Not long after the designer’s defense of poor sales numbers—in a moment so perfect that it should have been scripted—Alex Asseily, cofounder of Aliph, came bounding into the office, hugging Béhar and shouting, “Congratulations!” A large wireless company had just decided to pick up the Jawbone headset—a virtual guarantee that sales figures would jump.

Béhar got his start as a designer for the most elemental of storytelling forms: the theater. “The only thing I was good at in school was writing—not drawing—and doing work in the theater.” He did costume and stage design for small productions in his native Switzerland. “[On stage] it’s the content that always drives the style,” he says. “There’s more humility in the theater because you’re subservient to the text.”

That early training, the emphasis of content over style, is apparent in all of Fuseproject’s designs. They’re clean; they’re memorable. They feel smart, as if they have a life beyond the moment of use. But there’s no obvious style signature, nothing that throws out its arms and shouts, “Yves!”

“Our style is the ideas we bring to the table and the way we approach those ideas,” Béhar says. With Leaf, Herman Miller was trying to create “the Aeron of lamps” with a design that conveyed something specific about the product. The aluminum was selected for its ability to dissipate heat; the stamping process, which helped determine the form, was chosen for its relative lack of waste and its lower cost. “It’s simple,” Béhar says. “There’s no enclosure, no counterweight, no mechanics. This is like a candle; it’s an efficient light.”

Yet according to Gierz, it’s also “compelling in a way that makes you want to touch and understand it. It reinforces Herman Miller’s tech side and its sculptural side, but not in a retro PT Cruiser kind of way. There’s an honesty of materials and form.”

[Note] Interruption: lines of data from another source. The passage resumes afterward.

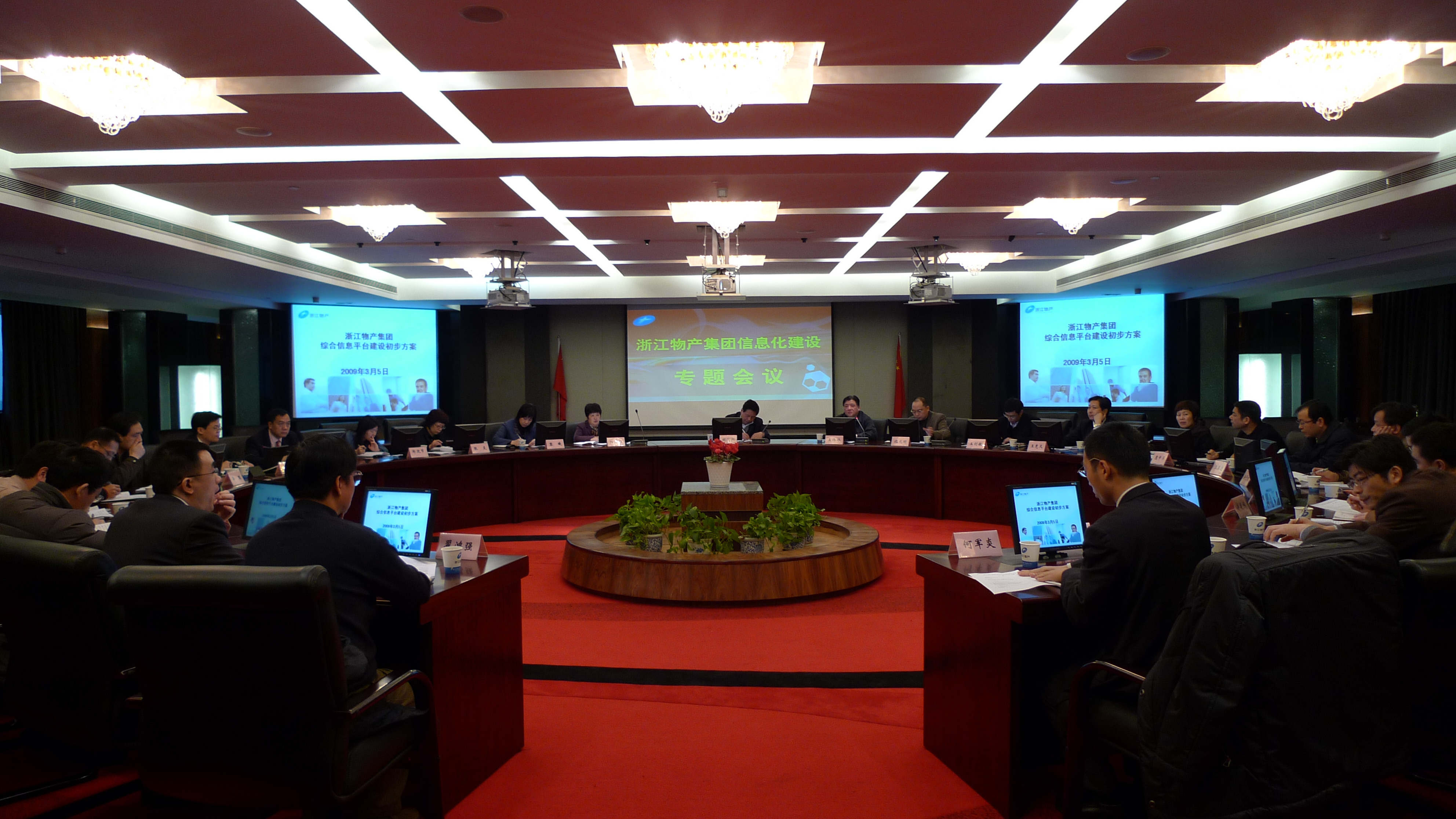 3月5日上午,集团召开了2009年信息化建设专题会议。会议讨论研究了《浙江物产集团信息平台建设初步方案》,明确了“一大平台、两大目标、三项原则、四大重点”这一集团信息化建设总体思路。集团公司董事长胡江潮、总经理兼信息化建设领导小组组长孟伟林,副总经理、信息化建设领导小组副组长陈敏、沈光明以及各成员公司分管领导、信息部门负责人、集团总部各职能部门负责人等参加了会议。
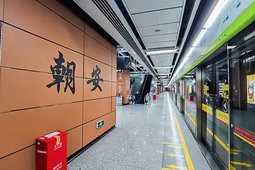 Chao'an Station (Chinese: 朝安站; pinyin: Cháo'ān Zhàn; Jyutping: ciu4ngon1 zaam6) is a metro station on the Guangzhou Metro's Guangfo Line (FMetro Line 1).[1][2] It is located underground at the junction of Zhaoxiang Road (兆祥路) and North Chao'an Road (朝安北路) in the Chancheng District of Foshan.
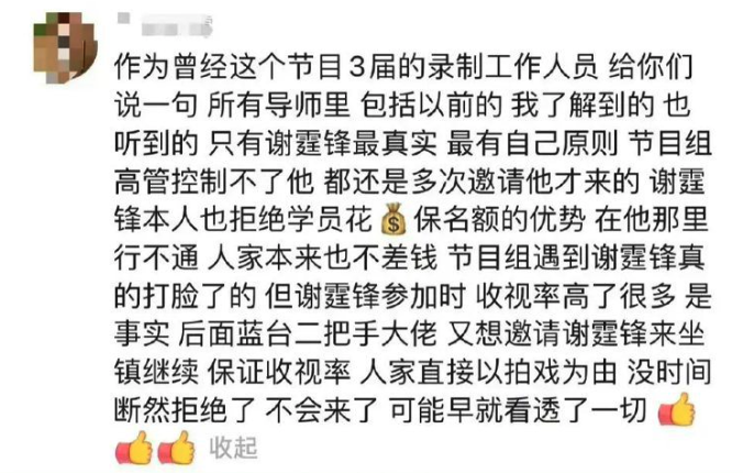 雖然這則爆料未經過證實,但網民仍然大讚謝霆鋒為人正直,有人留言:「我敬佩他,帥爆了」、「難怪謝霆鋒選到再強的學員都沒拿過冠軍」、「謝霆鋒一向是有口碑的藝人,敬業不耍大牌」等。也有人說:「他的背景後台夠硬,當然可以拒絕」。

These days South Park is starting to bounce back. There’s a new generation of dot-coms, wiser and less likely to run out and buy an office’s worth of Aeron chairs at the first flush of venture-capital cash. But seven years after its precarious start in that neighborhood, Fuseproject has moved to a brand-new office south of San Francisco’s financial district, right next door to the Mexican consulate. While the firm was settling in, Béhar was appointed head of the industrial design department at the California College of the Arts (CCA), where he taught for six years before taking a recent three-year hiatus. The new role and the move have been instrumental in shifting and refining his approach. No longer just the young head of a gutsy start-up, Béhar sees his role at CCA as “more a thinker and an enabler” than the one who has to come up with all the ideas. For the first time in the school’s history, a group of students exhibited projects at Milan’s Salone del Mobile (next to Andrée Putman), thanks to a collaboration Béhar set up with Gaia & Gino. He says he is trying to train the students to be involved in all aspects of object making, to instill a global sensibility, to teach them to be good storytellers.

Starting with a narrative, Béhar says, “gives a completely different meaning to the work. A lot of people think it’s bullshit, but that’s how I do the work. I can’t go back. I have a story to tell pretty much about everything I do. That’s where I find meaning. Without it, it would be just a job.”